> [Problem statement] Print the data below verbatim, minus images.

> [Records]
★ ★ ★ ★

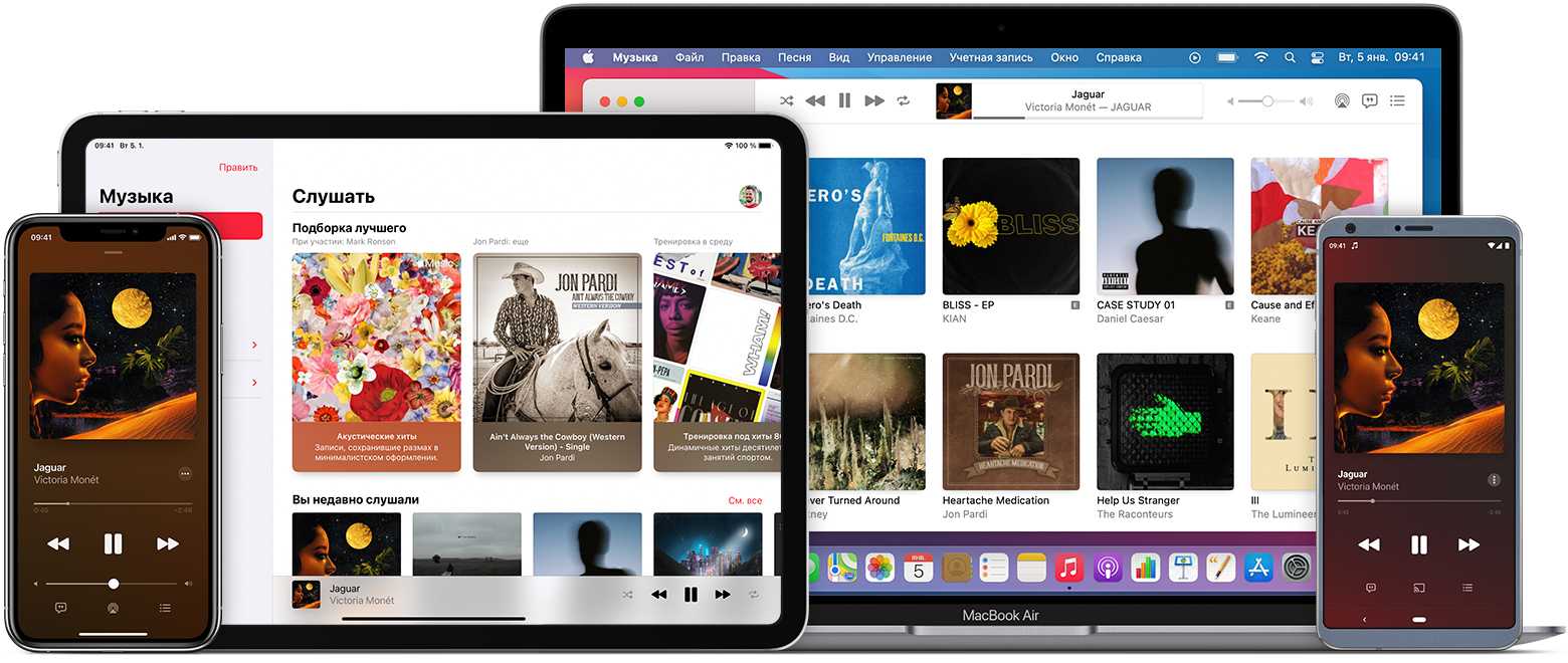 Слушайте миллионы музыкальных композиций в режиме потокового воспроизведения, получайте рекомендации и наслаждайтесь доступом к медиатеке на всех устройствах.
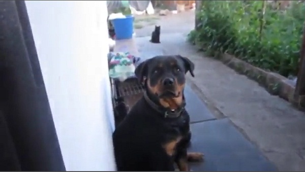 一隻獵犬小業主想嚇唬的面具. 不錯的主意.
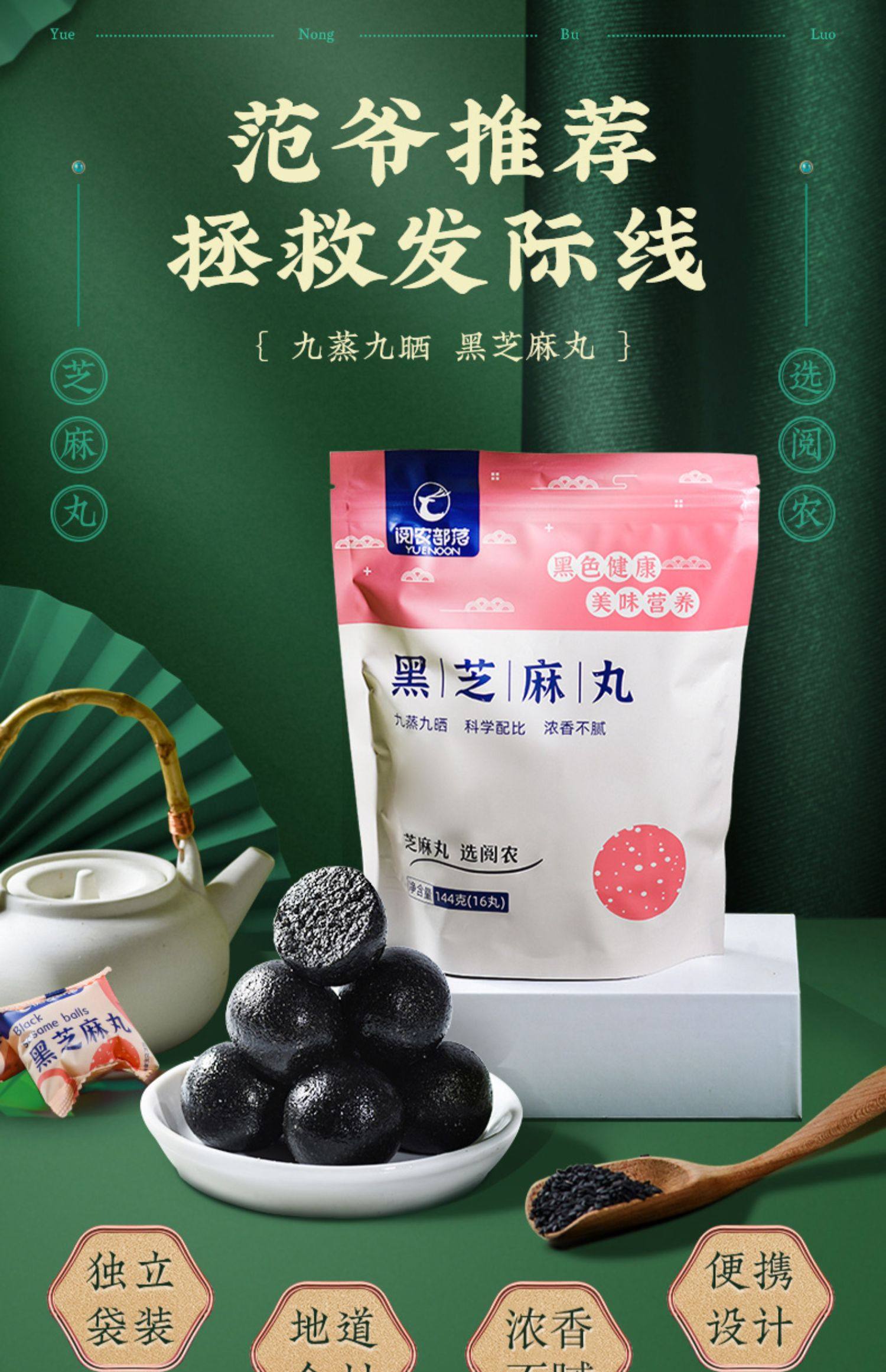 阅农部落黑芝麻丸,九蒸九晒,拯救你的发际线。老少皆宜的营养健康小零食,爆款必买,暖心好礼。
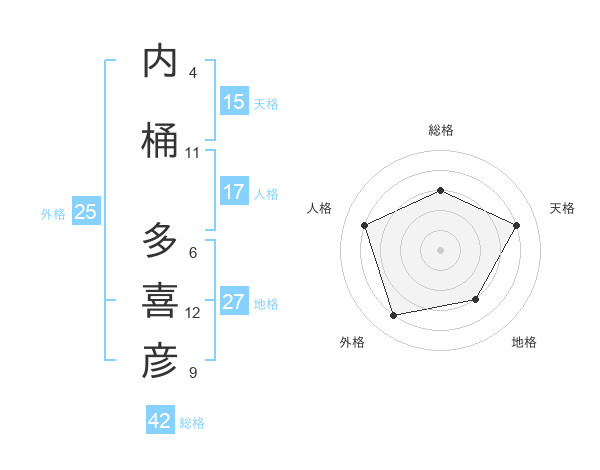 内桶 多喜彦さんを姓名の画数から五運を鑑定
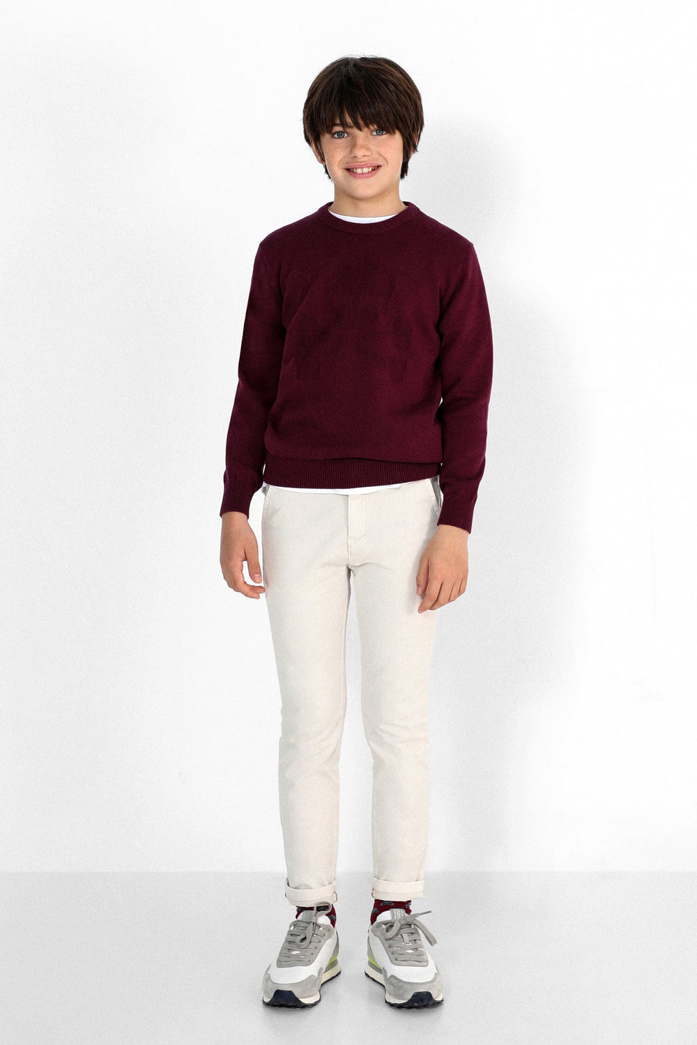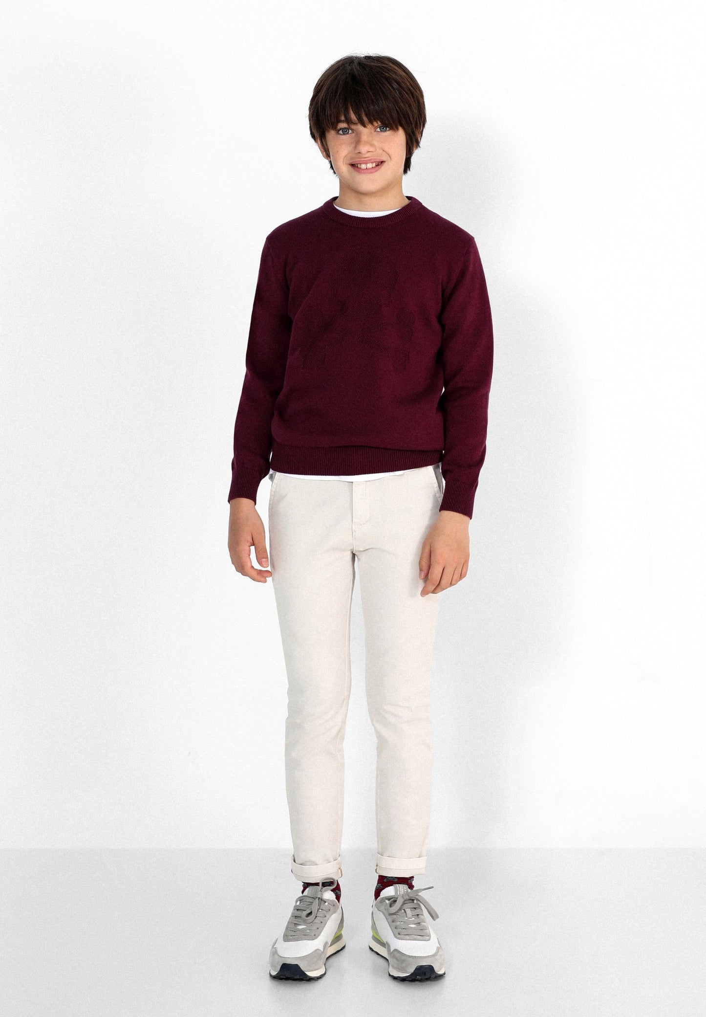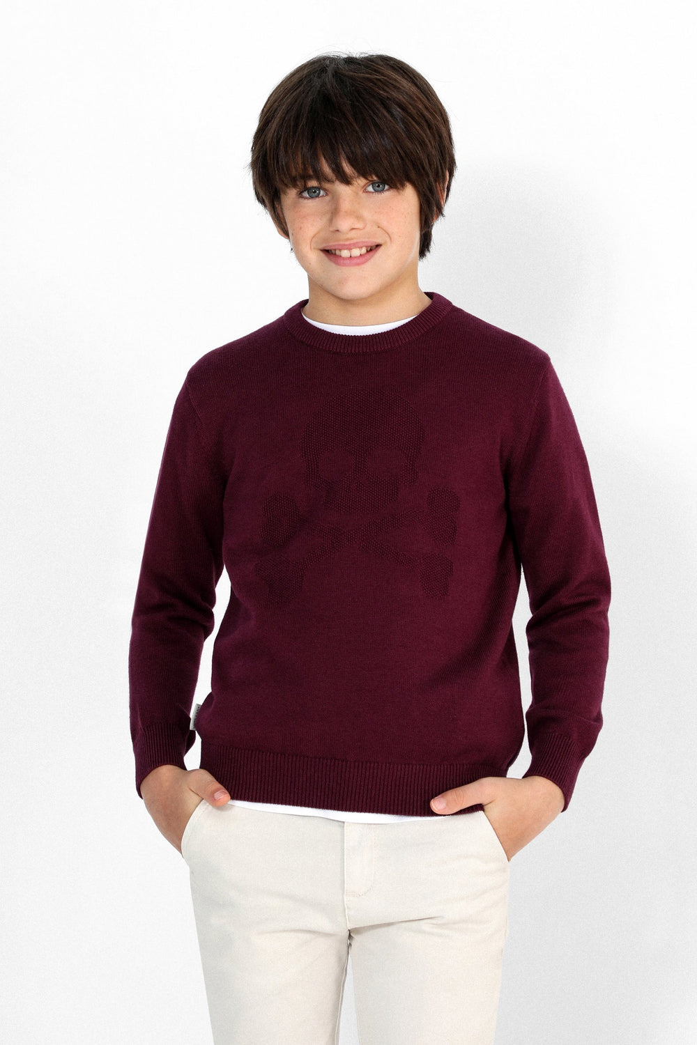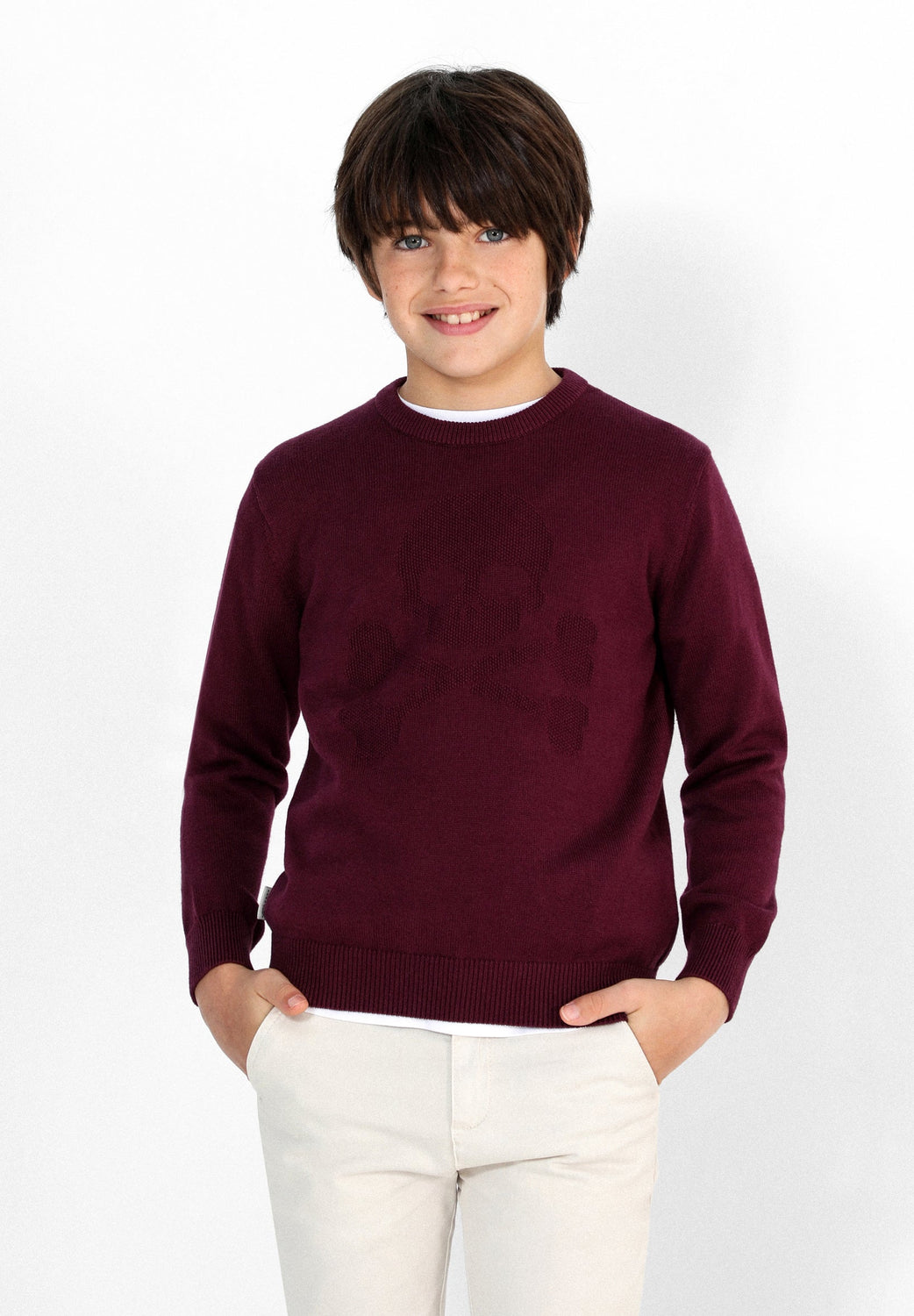 Jersey confeccionado en tejido algodón de estructura. Corte Regular Fit, cuello redondo y manga larga. Detalle de calavera en intarsia a tono.
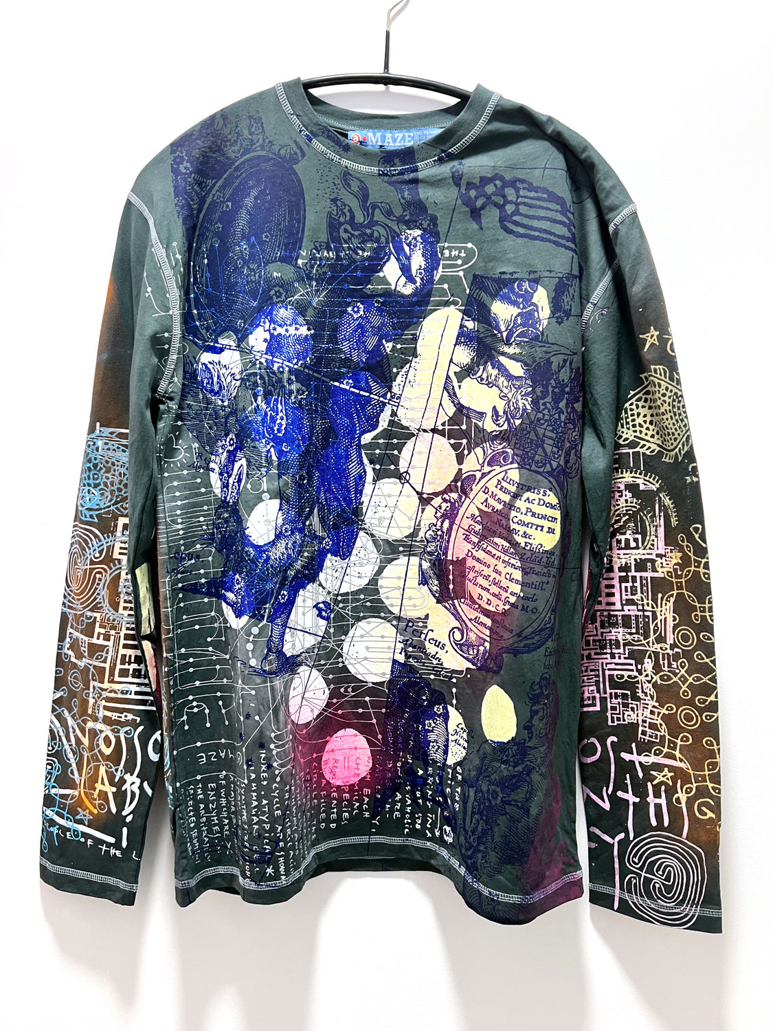 Cotton long sleeve t-shirt, hand printed and hand dyed in our atelier.
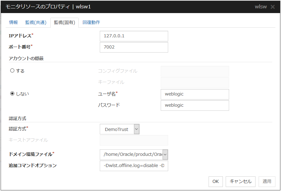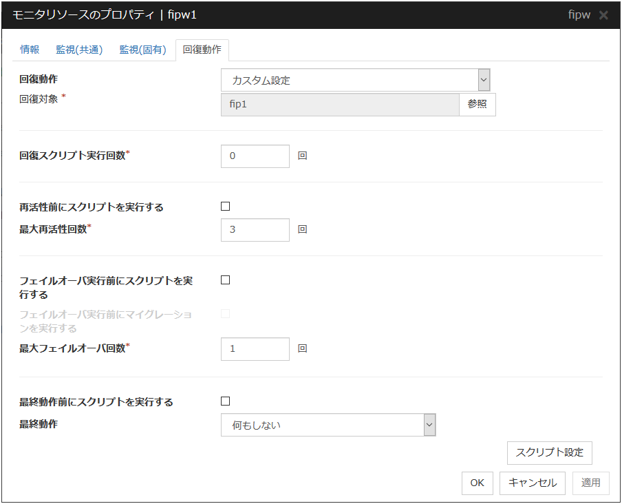 AWS CLIコマンドの失敗は監視対象が異常ではないため何もしない場合:[回復動作を実行しない(警告を表示しない)]を設定してください。この場合でも VIP の存在が確認できない場合や VPC のルーティングの健全性が確認できない場合の異常は検出可能です。そのため、この設定を推奨します。
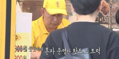 겨울내내 혼자 외로이 나와서 그 자리에서 핫도그 장사를 하셨어요
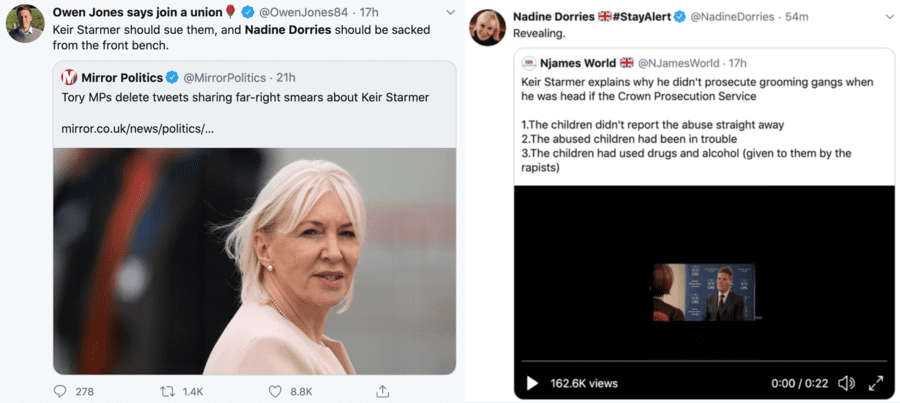 Quick to demand others correct, their errors – in August 2019, for example, Dorries herself tweeted: “I hope all those who gleefully flew to the keyboard and typed out #porkies in an attempt to traduce the reputation of our PM @BorisJohnson are as quick to bang out an apology and put the record straight” – Dorries, currently a health minister for patient safety, suicide prevention and mental health, used Twitter to share a doctored far right video. It had been falsely manipulated to make it look like the new Labour leader knew about child abuse and did nothing whilst head of the Crown Prosecution Service and though she’s deleted it, she hasn’t even issued a public apology.
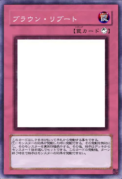 | このカードはLPを半分払って手札から発動する事もできる。 ①:モンスターの効果が発動した時に発動できる。その発動を無効にし、そのモンスターを裏側守備表示する。その後、相手はデッキからモンスター1体を選んでセットできる。このカードの発動後、ターン終了時まで相手はモンスターの効果を発動できない。 | |||

★ ★ ★ ★

> [Solution]
 Слушайте миллионы музыкальных композиций в режиме потокового воспроизведения, получайте рекомендации и наслаждайтесь доступом к медиатеке на всех устройствах.
 一隻獵犬小業主想嚇唬的面具. 不錯的主意.
 阅农部落黑芝麻丸,九蒸九晒,拯救你的发际线。老少皆宜的营养健康小零食,爆款必买,暖心好礼。
 内桶 多喜彦さんを姓名の画数から五運を鑑定
 Jersey confeccionado en tejido algodón de estructura. Corte Regular Fit, cuello redondo y manga larga. Detalle de calavera en intarsia a tono.
 Cotton long sleeve t-shirt, hand printed and hand dyed in our atelier.
 AWS CLIコマンドの失敗は監視対象が異常ではないため何もしない場合:[回復動作を実行しない(警告を表示しない)]を設定してください。この場合でも VIP の存在が確認できない場合や VPC のルーティングの健全性が確認できない場合の異常は検出可能です。そのため、この設定を推奨します。
 겨울내내 혼자 외로이 나와서 그 자리에서 핫도그 장사를 하셨어요
 Quick to demand others correct, their errors – in August 2019, for example, Dorries herself tweeted: “I hope all those who gleefully flew to the keyboard and typed out #porkies in an attempt to traduce the reputation of our PM @BorisJohnson are as quick to bang out an apology and put the record straight” – Dorries, currently a health minister for patient safety, suicide prevention and mental health, used Twitter to share a doctored far right video. It had been falsely manipulated to make it look like the new Labour leader knew about child abuse and did nothing whilst head of the Crown Prosecution Service and though she’s deleted it, she hasn’t even issued a public apology.
 | このカードはLPを半分払って手札から発動する事もできる。 ①:モンスターの効果が発動した時に発動できる。その発動を無効にし、そのモンスターを裏側守備表示する。その後、相手はデッキからモンスター1体を選んでセットできる。このカードの発動後、ターン終了時まで相手はモンスターの効果を発動できない。 | |||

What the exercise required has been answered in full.